In On Writing and Failure, Stephen Marche shows zero patience for the self-help fable that “failure leads to success.” The myth says: suffer now, triumph later; keep grinding and the universe will eventually reward you. Marche calls this narrative pure nonsense. His friendships with writers who have made millions and basked in praise only confirm the truth: acclaim doesn’t cure insecurity, fame doesn’t dissolve alienation, and even celebrated authors carry the bruises of obscurity under their tuxedos. They remain misunderstood, jealous, anxious, and haunted by irrelevance. Success doesn’t banish failure—it merely decorates it. Celebrity is not salvation; it is a spotlight that makes the neediness easier to see.
Marche believes the situation is worsening. We live, he argues, in a cultural moment where institutions are collapsing and traditional literary prestige has been replaced by digital noise. Novelists chase television deals. Journalists pivot into professional outrage machines. The literary public square has splintered into algorithmic micro-audiences. And in this fractured landscape, the writer’s deepest fear is not rejection—it’s evaporation. Not being debated, but forgotten.
Even the “independent writer revolution” gets little mercy from Marche. Platforms come and go, each proclaimed the future of writing, each eventually forgotten. “Every few years there’s some new great hope—right now it’s Substack,” he writes. Then comes the hammer: “Substack will die or peter out just like the rest.” The point is not cynicism for sport; it is a reminder that technology cannot build the cathedral that literary culture once occupied. The medium keeps changing; the instability remains constant.

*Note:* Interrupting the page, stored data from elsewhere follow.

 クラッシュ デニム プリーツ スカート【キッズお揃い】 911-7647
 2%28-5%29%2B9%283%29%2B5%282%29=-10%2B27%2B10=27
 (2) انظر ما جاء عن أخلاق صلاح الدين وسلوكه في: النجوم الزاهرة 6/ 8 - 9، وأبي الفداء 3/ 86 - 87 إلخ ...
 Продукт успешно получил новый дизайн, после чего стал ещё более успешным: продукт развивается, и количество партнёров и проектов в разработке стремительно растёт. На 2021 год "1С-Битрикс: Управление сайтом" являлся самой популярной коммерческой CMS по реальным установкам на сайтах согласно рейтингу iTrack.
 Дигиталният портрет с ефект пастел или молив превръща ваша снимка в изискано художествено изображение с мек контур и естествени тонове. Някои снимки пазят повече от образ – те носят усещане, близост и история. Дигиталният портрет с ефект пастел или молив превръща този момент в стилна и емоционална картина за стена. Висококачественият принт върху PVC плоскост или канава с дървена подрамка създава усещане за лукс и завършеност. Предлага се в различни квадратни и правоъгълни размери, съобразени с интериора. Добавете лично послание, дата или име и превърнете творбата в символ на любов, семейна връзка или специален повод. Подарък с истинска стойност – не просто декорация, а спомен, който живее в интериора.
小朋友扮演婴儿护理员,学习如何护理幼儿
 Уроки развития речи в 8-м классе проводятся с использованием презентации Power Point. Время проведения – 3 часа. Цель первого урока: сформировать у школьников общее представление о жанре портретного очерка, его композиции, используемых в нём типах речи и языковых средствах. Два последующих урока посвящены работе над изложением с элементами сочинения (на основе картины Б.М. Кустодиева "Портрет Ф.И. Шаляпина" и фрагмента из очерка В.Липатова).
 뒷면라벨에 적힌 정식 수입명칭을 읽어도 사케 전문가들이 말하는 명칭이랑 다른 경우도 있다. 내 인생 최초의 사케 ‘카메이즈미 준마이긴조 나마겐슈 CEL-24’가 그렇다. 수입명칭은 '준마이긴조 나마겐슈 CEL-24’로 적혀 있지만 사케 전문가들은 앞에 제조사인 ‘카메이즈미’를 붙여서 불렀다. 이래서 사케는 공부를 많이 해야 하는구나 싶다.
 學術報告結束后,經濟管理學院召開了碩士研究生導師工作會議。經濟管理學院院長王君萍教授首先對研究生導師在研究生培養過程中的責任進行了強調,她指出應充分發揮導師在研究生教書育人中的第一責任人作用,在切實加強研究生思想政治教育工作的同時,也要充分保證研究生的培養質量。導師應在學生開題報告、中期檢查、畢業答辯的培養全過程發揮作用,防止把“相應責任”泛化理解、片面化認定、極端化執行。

As a reader drowning in subscriptions, I find his skepticism refreshing. I can’t reasonably pay $60 to $120 a year for dozens of Substack writers I admire. If I did, I’d be shelling out ten grand annually just to keep up. That is not a sustainable model for anyone but tech-company accountants. So yes, blogs collapsed, digital magazines buckled, and Substack may be next. Writers are still wandering, looking for a home that isn’t a platform built on a countdown timer. We are living in a literary diaspora—talent everywhere, shelter nowhere.